- [Work instructions] Your response should be the complete listing, copied exactly.

(Beginning of Data excerpt)

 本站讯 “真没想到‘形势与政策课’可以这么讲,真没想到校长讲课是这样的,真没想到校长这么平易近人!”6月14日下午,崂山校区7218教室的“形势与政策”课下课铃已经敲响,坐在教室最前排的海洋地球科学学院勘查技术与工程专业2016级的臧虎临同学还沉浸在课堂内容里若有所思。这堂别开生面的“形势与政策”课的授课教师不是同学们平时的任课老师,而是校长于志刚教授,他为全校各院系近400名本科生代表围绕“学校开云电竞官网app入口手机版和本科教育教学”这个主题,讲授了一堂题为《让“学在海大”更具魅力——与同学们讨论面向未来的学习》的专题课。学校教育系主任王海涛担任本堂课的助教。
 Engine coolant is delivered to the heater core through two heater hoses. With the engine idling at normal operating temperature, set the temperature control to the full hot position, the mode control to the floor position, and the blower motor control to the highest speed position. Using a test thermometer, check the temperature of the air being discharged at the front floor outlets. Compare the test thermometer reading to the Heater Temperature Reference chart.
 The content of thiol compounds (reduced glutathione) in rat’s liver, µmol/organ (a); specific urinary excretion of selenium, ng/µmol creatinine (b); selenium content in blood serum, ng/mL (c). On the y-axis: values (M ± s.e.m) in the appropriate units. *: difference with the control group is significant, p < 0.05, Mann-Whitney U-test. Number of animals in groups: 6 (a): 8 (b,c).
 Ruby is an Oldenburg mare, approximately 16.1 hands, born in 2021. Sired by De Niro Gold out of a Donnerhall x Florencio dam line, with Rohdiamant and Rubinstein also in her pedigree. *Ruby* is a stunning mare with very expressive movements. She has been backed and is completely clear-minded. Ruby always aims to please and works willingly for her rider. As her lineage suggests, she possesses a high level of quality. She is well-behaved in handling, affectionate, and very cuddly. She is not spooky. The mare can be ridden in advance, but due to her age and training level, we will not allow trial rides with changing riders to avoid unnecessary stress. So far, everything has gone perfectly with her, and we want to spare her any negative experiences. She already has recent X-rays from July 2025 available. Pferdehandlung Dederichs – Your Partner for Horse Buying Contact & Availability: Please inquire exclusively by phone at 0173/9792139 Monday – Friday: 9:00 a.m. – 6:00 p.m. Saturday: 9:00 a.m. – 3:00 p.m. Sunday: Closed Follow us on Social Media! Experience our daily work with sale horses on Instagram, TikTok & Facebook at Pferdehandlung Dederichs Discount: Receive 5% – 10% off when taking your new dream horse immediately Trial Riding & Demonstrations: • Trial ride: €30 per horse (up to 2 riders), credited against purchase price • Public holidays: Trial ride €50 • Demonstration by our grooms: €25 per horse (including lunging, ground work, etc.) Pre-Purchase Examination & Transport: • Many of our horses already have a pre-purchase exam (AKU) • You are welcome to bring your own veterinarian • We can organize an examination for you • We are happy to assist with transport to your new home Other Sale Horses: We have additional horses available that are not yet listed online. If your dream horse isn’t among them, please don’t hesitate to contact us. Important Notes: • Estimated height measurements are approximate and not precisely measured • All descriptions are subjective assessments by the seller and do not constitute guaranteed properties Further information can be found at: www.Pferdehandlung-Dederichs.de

(End of Data excerpt)

- [Result of the task]
 本站讯 “真没想到‘形势与政策课’可以这么讲,真没想到校长讲课是这样的,真没想到校长这么平易近人!”6月14日下午,崂山校区7218教室的“形势与政策”课下课铃已经敲响,坐在教室最前排的海洋地球科学学院勘查技术与工程专业2016级的臧虎临同学还沉浸在课堂内容里若有所思。这堂别开生面的“形势与政策”课的授课教师不是同学们平时的任课老师,而是校长于志刚教授,他为全校各院系近400名本科生代表围绕“学校开云电竞官网app入口手机版和本科教育教学”这个主题,讲授了一堂题为《让“学在海大”更具魅力——与同学们讨论面向未来的学习》的专题课。学校教育系主任王海涛担任本堂课的助教。
 Engine coolant is delivered to the heater core through two heater hoses. With the engine idling at normal operating temperature, set the temperature control to the full hot position, the mode control to the floor position, and the blower motor control to the highest speed position. Using a test thermometer, check the temperature of the air being discharged at the front floor outlets. Compare the test thermometer reading to the Heater Temperature Reference chart.
 The content of thiol compounds (reduced glutathione) in rat’s liver, µmol/organ (a); specific urinary excretion of selenium, ng/µmol creatinine (b); selenium content in blood serum, ng/mL (c). On the y-axis: values (M ± s.e.m) in the appropriate units. *: difference with the control group is significant, p < 0.05, Mann-Whitney U-test. Number of animals in groups: 6 (a): 8 (b,c).
 Ruby is an Oldenburg mare, approximately 16.1 hands, born in 2021. Sired by De Niro Gold out of a Donnerhall x Florencio dam line, with Rohdiamant and Rubinstein also in her pedigree. *Ruby* is a stunning mare with very expressive movements. She has been backed and is completely clear-minded. Ruby always aims to please and works willingly for her rider. As her lineage suggests, she possesses a high level of quality. She is well-behaved in handling, affectionate, and very cuddly. She is not spooky. The mare can be ridden in advance, but due to her age and training level, we will not allow trial rides with changing riders to avoid unnecessary stress. So far, everything has gone perfectly with her, and we want to spare her any negative experiences. She already has recent X-rays from July 2025 available. Pferdehandlung Dederichs – Your Partner for Horse Buying Contact & Availability: Please inquire exclusively by phone at 0173/9792139 Monday – Friday: 9:00 a.m. – 6:00 p.m. Saturday: 9:00 a.m. – 3:00 p.m. Sunday: Closed Follow us on Social Media! Experience our daily work with sale horses on Instagram, TikTok & Facebook at Pferdehandlung Dederichs Discount: Receive 5% – 10% off when taking your new dream horse immediately Trial Riding & Demonstrations: • Trial ride: €30 per horse (up to 2 riders), credited against purchase price • Public holidays: Trial ride €50 • Demonstration by our grooms: €25 per horse (including lunging, ground work, etc.) Pre-Purchase Examination & Transport: • Many of our horses already have a pre-purchase exam (AKU) • You are welcome to bring your own veterinarian • We can organize an examination for you • We are happy to assist with transport to your new home Other Sale Horses: We have additional horses available that are not yet listed online. If your dream horse isn’t among them, please don’t hesitate to contact us. Important Notes: • Estimated height measurements are approximate and not precisely measured • All descriptions are subjective assessments by the seller and do not constitute guaranteed properties Further information can be found at: www.Pferdehandlung-Dederichs.de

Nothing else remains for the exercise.